Beau-Curious





Six months ago I spoke critically (though fondly) of Beau Hopkins' squinting approach to selling pain and his opponents' holds. That was before I saw Beau Hopkins Vs. Paul Perris: The Rematch, recently on sale, thus affordable and, for me, irresistible. Hopkins's probably was the face that first lured me to Can-Am, and Perris's were the torso and thighs that etched the most lasting impression on the anterior cingulate cortex of my brain, seat of both erotic attraction and pain awareness (I recently looked that up). This match of the two together (again) rivals anything Perris did with anybody else, up to and including his cousin Roman Stone.
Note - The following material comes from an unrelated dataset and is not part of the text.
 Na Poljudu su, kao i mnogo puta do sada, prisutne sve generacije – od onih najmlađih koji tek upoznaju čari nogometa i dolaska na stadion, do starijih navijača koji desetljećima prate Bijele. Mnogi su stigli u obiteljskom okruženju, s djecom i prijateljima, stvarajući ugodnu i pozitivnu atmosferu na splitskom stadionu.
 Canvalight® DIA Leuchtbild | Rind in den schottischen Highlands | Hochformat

I can't think of another Hopkins match that comes close to this one for strenuous sensuality. It helps that, in this great match, Hopkins has hair on his chest and the longest treasure trail on record (assuming somebody keeps records on such things). The squint and the toothy grimace are there, to be sure, but now the effect is stunning.
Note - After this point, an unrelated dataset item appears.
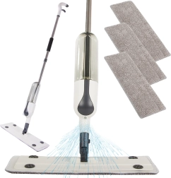 Mopul este livrat cu 3 lavete din microfibră, oferind confort datorită butonului de pulverizare integrat în mâner. Este potrivit pentru toate suprafețele și permite curățenia perfectă fără a necesita găleată.

It was a late-career match for both these men, still young but not as dewily pretty as they were in the matches that first made their reputations. The added months and years gave them harder, more manly aspects. Like the Kick-Ass Bodybuilder Feud series that Perris and Stone kicked off, the Hopkins-Perris fight starts in the ring and ends up in the oil pit. Both men are fit and solid--and equally at home in this particular combat scenario, pitting two popular veterans, still dripping with gorgeous, against each other. Without knowing the specifics, I would guess they were, at this time, a match in height and weight, more or less--roughly the same age, too.

If similarities explain the chemistry these two share, the contrasts might account for the drama. Perris is sharklike--a confident, sharp, and lithe predator, smooth as a soap bubble, with a sunburnt ruggedness about his eyes, newly acquired, that smacks more of pirate than of euro-trash. Hopkins is earthier, quintessentially Athletic Model Guild material, a beaming, wholesome, straight-arrow type, doglike in his determination and tenacity. Against Perris's slipperiness, Hopkins looks honest, upright, and stalwart. Perris is the destroyer, and Hopkins, the noble protector. Putting these two together--at a time when both were probably feeling the need to prove themselves one more time--makes for volatility and tension--the stuff of drama.

Comments

  1. 4-5 years later, maybe less defined a little heavier and older - and in regular tights. He'd look like one of those 1950s handsome wrestlers transported to us.